What are the required steps to convert base 10 decimal system
number 42 366 603 to base 2 unsigned binary equivalent?
- A number written in base ten, or a decimal system number, is a number written using the digits 0 through 9. A number written in base two, or a binary system number, is a number written using only the digits 0 and 1.
1. Divide the number repeatedly by 2:
Keep track of each remainder.
Stop when you get a quotient that is equal to zero.

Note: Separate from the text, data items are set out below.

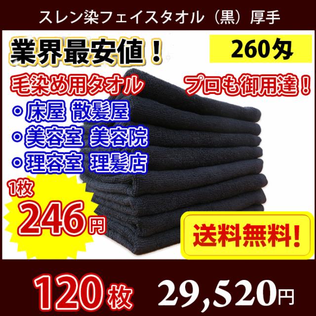 【送料無料】 120枚セット スレン染めフェイスタオル 黒 260匁 厚手 / 床屋 散髪屋 美容室 美容院 理容室 理髪店 毛染め 業務用 ブラック タオル フェイス スレン染め まとめ買い
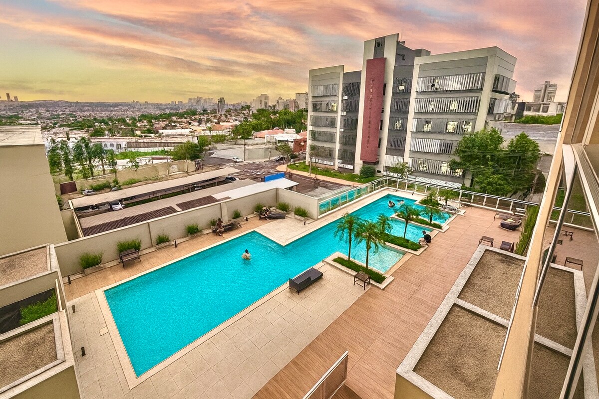 Apartamento Studio novo e moderno localizado em região nobre de Ribeirão Preto , conta com Wi-Fi , ar condicionado , cozinha completa , smart Tv 40’ , Academia BlueFit no prédio , Air fryer , vaga de garagem e área de lazer completa , piscina , sauna , salão de jogos , espaço gourmet , espaço coworking para trabalho , home market 24h e a melhor localização da cidade , na avenida Presidente Vargas a 3 minutos do Ribeirão shopping e próximo aos melhores parques , bares e restaurantes de Ribeirão.
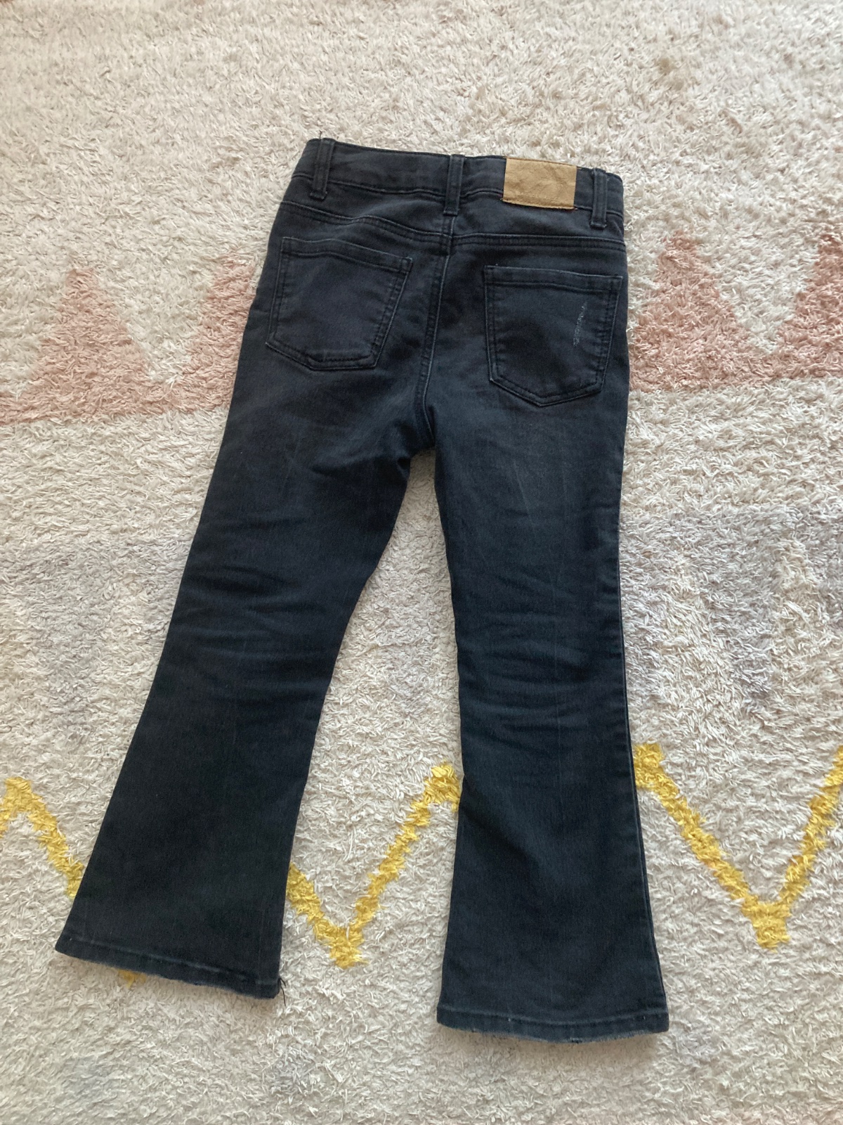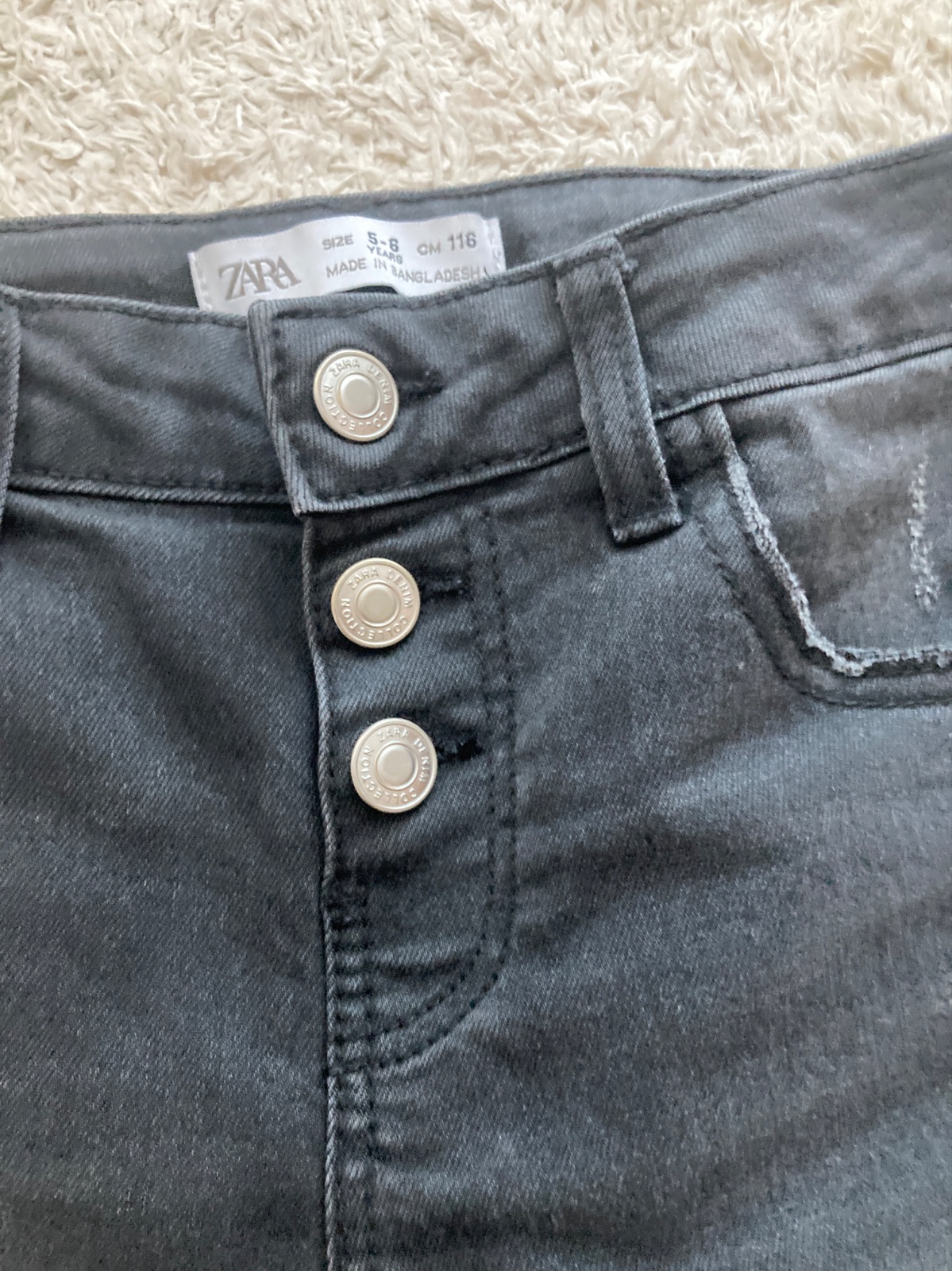 Ponukam na predaj džínsy Zara. Flared strih, dole mierne rozšírené. Čierna farba. Ako sedia vid posledna foto. Regulácia v pase + vpredu zapínanie na gombíky, ktoré sa do seba zatlačia. Nosene príležitostne, ako nové. Visacka udava velkost 116, podľa mňa sedia na 110, ako 116 sú už na môj vkus krátke akebo sa ešte dajú ponosiť napr k zimným vyšším topánkam.

- division = quotient + remainder;
- 42 366 603 ÷ 2 = 21 183 301 + 1;
- 21 183 301 ÷ 2 = 10 591 650 + 1;
- 10 591 650 ÷ 2 = 5 295 825 + 0;
- 5 295 825 ÷ 2 = 2 647 912 + 1;
- 2 647 912 ÷ 2 = 1 323 956 + 0;
- 1 323 956 ÷ 2 = 661 978 + 0;
- 661 978 ÷ 2 = 330 989 + 0;
- 330 989 ÷ 2 = 165 494 + 1;
- 165 494 ÷ 2 = 82 747 + 0;
- 82 747 ÷ 2 = 41 373 + 1;
- 41 373 ÷ 2 = 20 686 + 1;
- 20 686 ÷ 2 = 10 343 + 0;
- 10 343 ÷ 2 = 5 171 + 1;
- 5 171 ÷ 2 = 2 585 + 1;
- 2 585 ÷ 2 = 1 292 + 1;
- 1 292 ÷ 2 = 646 + 0;
- 646 ÷ 2 = 323 + 0;
- 323 ÷ 2 = 161 + 1;
- 161 ÷ 2 = 80 + 1;
- 80 ÷ 2 = 40 + 0;
- 40 ÷ 2 = 20 + 0;
- 20 ÷ 2 = 10 + 0;
- 10 ÷ 2 = 5 + 0;
- 5 ÷ 2 = 2 + 1;
- 2 ÷ 2 = 1 + 0;
- 1 ÷ 2 = 0 + 1;
2. Construct the base 2 representation of the positive number:
Take all the remainders starting from the bottom of the list constructed above.

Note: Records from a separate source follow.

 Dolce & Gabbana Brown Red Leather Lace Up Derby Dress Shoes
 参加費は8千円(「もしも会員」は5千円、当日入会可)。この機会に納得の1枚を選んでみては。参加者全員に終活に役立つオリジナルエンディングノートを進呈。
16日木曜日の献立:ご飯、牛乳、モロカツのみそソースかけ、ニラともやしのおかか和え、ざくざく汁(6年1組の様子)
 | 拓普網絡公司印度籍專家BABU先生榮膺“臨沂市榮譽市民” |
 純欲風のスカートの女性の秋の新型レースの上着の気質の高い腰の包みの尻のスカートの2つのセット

42 366 603(10) Base 10 decimal system number converted and written as a base 2 unsigned binary equivalent:
42 366 603 (base 10) = 10 1000 0110 0111 0110 1000 1011 (base 2)
Spaces were used to group digits: for binary, by 4, for decimal, by 3.